We will support the UN Secretary General's Mission of Good Offices and
encourage dialogue between and with the Cypriot communities.
-- We reaffirm our commitment to the achievement of a just, lasting
and comprehensive peace in the Middle East. We will build on the recent
successes in the Peace Process, including the bold steps taken by Jordan
and Israel, through concerted efforts to support agreements already
concluded and to expand the circle of peace. Noting the important
milestone reached with the signing of the Israeli-Palestinian Interim
Agreement, we will play an active role at the Conference for Economic
Assistance to the Palestinians, will support the Palestinian elections
and will work ambitiously to improve the access we both give to products
from the West Bank and the Gaza Strip. We will encourage and support the
regional parties in implementing the conclusions of the Amman Summit. We
will also continue our efforts to promote peace between Israel, Lebanon
and Syria. We will actively seek the dismantling of the Arab boycott of
Israel.
-- We pledge to work together more closely in our preventive and
crisis diplomacy; to respond effectively to humanitarian emergencies; to
promote sustainable development and the building of democratic
societies; and to support human rights.
-- We have agreed to coordinate, cooperate and act jointly in
development and humanitarian assistance activities. To this end, we will
establish a High-Level Consultative Group to review progress of existing
efforts, to assess policies and priorities, and to identify projects and
regions for the further strengthening of cooperation.
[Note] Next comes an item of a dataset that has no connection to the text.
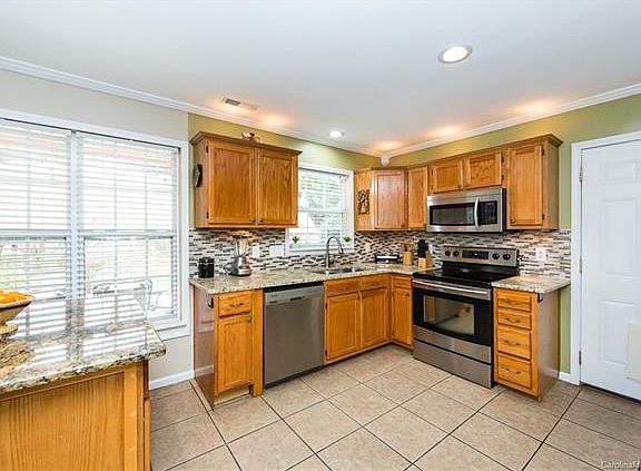 Immaculate, well-maintained home in Steele Creek close to Rivergate Shopping Center, Carowinds and the Outlets. This stunning home boasts tile and wood laminate throughout, stainless appliances, granite counter tops (kitchen and baths), scraped main floor ceilings with high-hat lighting, wired home theater speakers, and upgrades galore. The exterior enjoys a massive & electric retractable awning, custom stone outdoor fireplace, storage shed, and the property backs up to the recreational area-- no backyard neighbors here! This Southbridge Forest house has been meticulously maintained, inside and out, with beautiful landscaping surrounding the home. Roof, HVAC and water heater were all installed less than 3 years ago (HVAC & Roof - 2016). Home is move-in ready. You will not be disappointed!
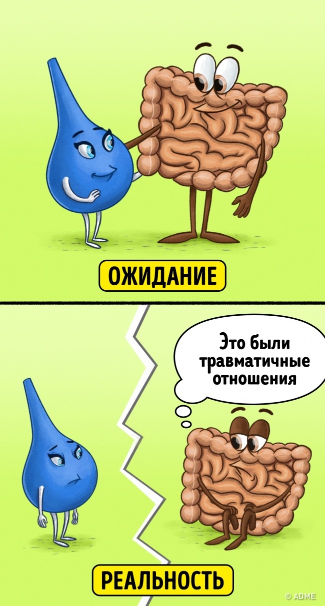 - Захоплюючись промиванням кишечника, можна погубити його мікрофлору. Є й більш серйозні наслідки: інфікування і травми кишки, а також слизових оболонок. Цілющу силу клізми давно спростували вчені.

-- We will increase cooperation in developing a blueprint for UN
economic and social reform. We will cooperate to find urgently needed
solutions to the financial crisis of the UN system. We are determined to
keep our commitments, including our financial obligations. At the same
time, the UN must direct its resources to the highest priorities and
must reform in order to meet its fundamental goals.
-- We will provide support to the Korean Peninsula Energy Development
Organization (KEDO), underscoring our shared desire to resolve important
proliferation challenges throughout the world.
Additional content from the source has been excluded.